The California Department of Motor Vehicles (DMV) released proposed regulations to establish a path for testing and future deployment of fully autonomous vehicles without drivers.

The proposed regulations address public safety concerns while recognizing the potential of autonomous technology to improve safety, enhance mobility and encourage innovation. The proposed regulations:

  • Recognize that the National Highway Traffic Safety Administration (NHTSA) is vested with the authority to develop Federal Motor Vehicle Safety Standards (FMVSS) and enforce compliance with safety and performance standards for motor vehicles. DMV is requiring certification to meeting these federal safety standards.

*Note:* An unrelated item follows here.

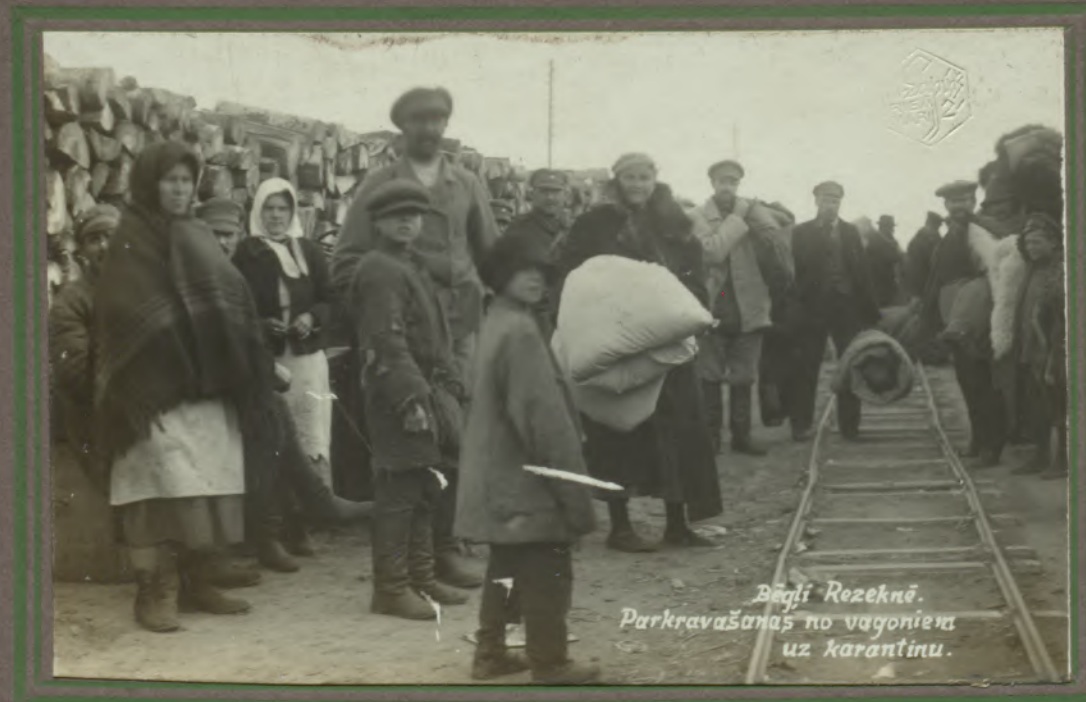
Bēgļi Rzeknē. Parkravašanās no vagoniera uz karantīnu.

  • Establish a framework for testing without a driver.

  • Identify requirements that a manufacturer must meet in order to sell, lease, or otherwise make their vehicle available outside of a testing program.

  • Address other key topics related to autonomous vehicle deployment, including driver licensing and responsibility, vehicle registration, and advertising of autonomous vehicles.

To gather public input on the regulations, the department will hold a public hearing on Tuesday, 25 April 2017, in Sacramento.

These rules expand our existing autonomous vehicle testing program to include testing vehicles where no driver is present. This is the next step in eventually allowing driverless autonomous vehicles on California roadways.

—DMV Director Jean Shiomoto

The DMV received substantial feedback from manufacturers, consumer advocates, local government, insurance companies, and other stakeholders after it released revised draft regulations for testing without a driver and the deployment of autonomous vehicles in September 2016.

California has more manufacturers testing autonomous vehicles than any other state and today’s rules continue our leadership with this emerging technology. These rules protect public safety, promote innovation and lay out the path for future testing and deployment of driverless technology. This rulemaking is the next step in working with stakeholders to get this right.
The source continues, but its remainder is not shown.